__Prompt__. Some of the lines below need repeating. Reproduce exactly those between the lines holding "Natural Titanium 15" and "Tlczrva 5 Pack", inclusive.

__Data for processing__.
◇ ◇ ◇ ◇

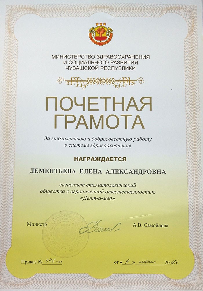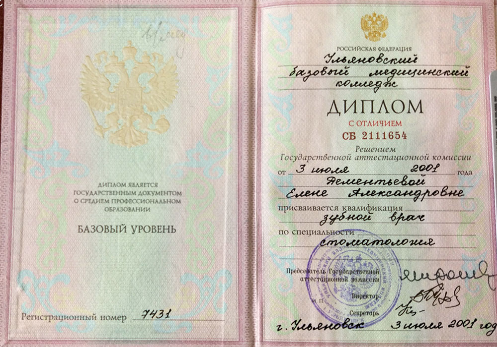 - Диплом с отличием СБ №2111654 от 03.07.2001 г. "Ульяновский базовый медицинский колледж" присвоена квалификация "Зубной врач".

◇ ◇ ◇ ◇

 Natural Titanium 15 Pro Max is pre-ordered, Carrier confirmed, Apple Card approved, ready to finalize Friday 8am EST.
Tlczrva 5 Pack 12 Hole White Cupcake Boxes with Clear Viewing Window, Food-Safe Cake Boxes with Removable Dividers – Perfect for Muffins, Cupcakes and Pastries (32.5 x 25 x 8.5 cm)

◇ ◇ ◇ ◇

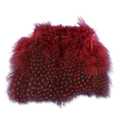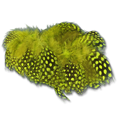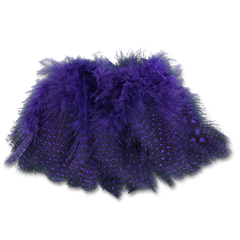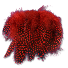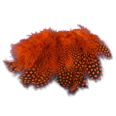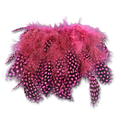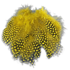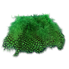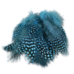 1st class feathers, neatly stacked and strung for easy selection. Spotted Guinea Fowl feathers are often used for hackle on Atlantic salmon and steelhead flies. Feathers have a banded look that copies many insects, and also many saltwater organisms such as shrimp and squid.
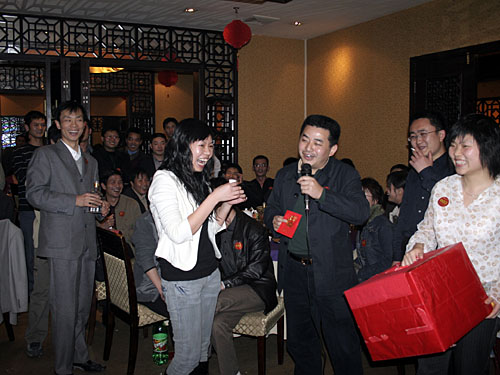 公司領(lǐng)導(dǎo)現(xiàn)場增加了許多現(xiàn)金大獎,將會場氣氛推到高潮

◇ ◇ ◇ ◇

__Solution to this exercise__.
 Natural Titanium 15 Pro Max is pre-ordered, Carrier confirmed, Apple Card approved, ready to finalize Friday 8am EST.
Tlczrva 5 Pack 12 Hole White Cupcake Boxes with Clear Viewing Window, Food-Safe Cake Boxes with Removable Dividers – Perfect for Muffins, Cupcakes and Pastries (32.5 x 25 x 8.5 cm)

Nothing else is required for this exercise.